As such, the Flow derivations are largely stateless: during their processing transactions they roll up source documents in-memory, and at transaction close they commit combined documents to collection journals. Each combined document precisely reflects only the source documents read during the transaction. Aside from transaction checkpoints, there's no other state Flow maintains. Only by materializing the derivation are all of these partial roll-ups reduced into complete documents.

The other major class of use case is "push", where there's a down-stream action I want to take driven by a signal I've gleamed from source data. For example, perhaps I'll send an email or SMS the first time a user is added to a particular segment, and I'll do that by sending a Webhook or writing to a pub/sub topic -- types of materializations which are stateless, since Flow can't ask a Webhook for the prior version of a document.
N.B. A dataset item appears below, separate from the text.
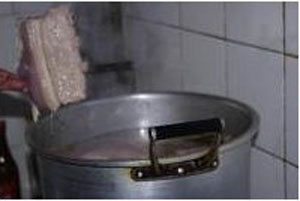 将炸好的猪五花条肉肉皮朝里放入蒸碗里,放入烧开的蒸锅里用中火蒸1小时,蒸至肉酥。

That's a problem, because it wouldn't do to send an SMS every time the user reloads their browser. State has to be tracked somewhere, and so for this class of problem Flow provides registers.

Segment Toggles

This view filters events to those which change the user's status within a segment: events that transition a user from "added" to "removed" and vice versa. This behavior is mostly in service of making an interesting example and reducing data volume enough to be able to follow it.

Stop flowctl and generate.go, and start demo-webhook-api.js in another tab:

$ node examples/demo-webhook-api.js

This is a toy NodeJS web server which prints POST bodies to stdout. It also inserts a configured response delay (e.x. 500ms) to model slow APIs and back-pressure. Try altering the configured delay: Flow dynamically compensates by doing more (or less) reduction work per-transaction to match the throughput characteristics of the API.
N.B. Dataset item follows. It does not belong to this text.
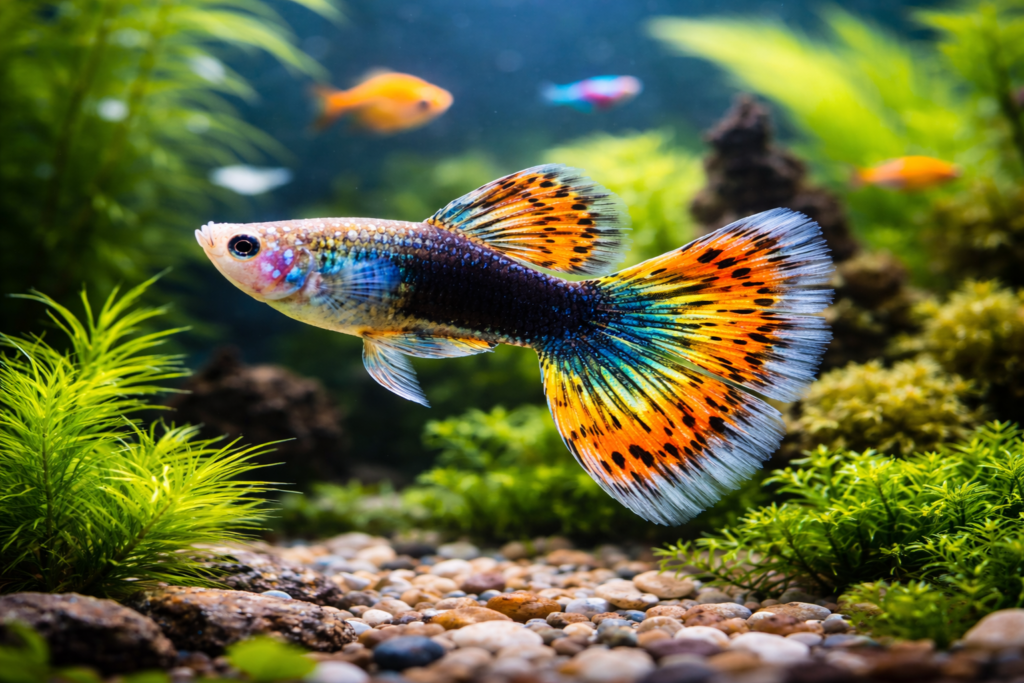 Guppy is a small, colorful freshwater fish, known for its lively behavior, hardiness, and popularity in home aquariums. It is one of the most widely bred and kept aquarium fish due to its adaptability, ease of care, and attractive appearance.

Uncomment / enable a materialization of toggles to the webhook in flow.yaml, and then start flowctl develop again:

materializations:
    - endpoint:
          name: example/webhook-api
      source:
          name: examples/segment/toggles

If you had previously let the generator run for a while, after a moment you'll see a very large batch of documents POST-ed to the API as the new materialization back-fills over historical data in the collection. Now start generate.go again. You'll see rapid, ongoing output from the webhook server.

Cleanup

Stop flowctl, remove the flowctl_develop runtime directory, and remove examples/examples.db to complete a development session and restore to a pristine state. If you're working from a Git clone of the Flow repo, simply git clean -f -d.

Extras #1: "push" profiles

Some services would prefer to consume a complete set of segments with each update of a given user, rather than an incremental delta of changes. The profiles derivation can be updated to do this. See comments in flow.yaml and flow.ts to try it out.

Extras #2: Turn up the heat.

We've been running 1K events per second, which any reasonable hardware should be able to comfortably manage. Keep in mind, for every event Flow is:

  • Validating and ingesting via Websocket into collection examples/segment/events.
  • Deriving profiles, memberships, and toggles: running TypeScript lambdas, combining and reducing outputs, and validating the schema of every read or written document along the way.
  • Indexing registers via RocksDB, managing transaction checkpoints, and maintaining recovery logs to ensure that transaction semantics are maintained and that registers are durable.
  • Writing and compressing data fragments for events, profiles, and memberships.
  • Performing precise, incremental materializations of the profiles and memberships SQLite tables.

In a production setting these tasks would be assigned across a fleet of hardware. flowctl develop is essentially the production Flow runtime, shrunk down into a single process. It's quite early -- we haven't begun performance optimization in earnest -- but on the author's hardware (AMD Ryzen 9 3900X), Flow currently manages 10K events per second with 5-700% CPU utilization.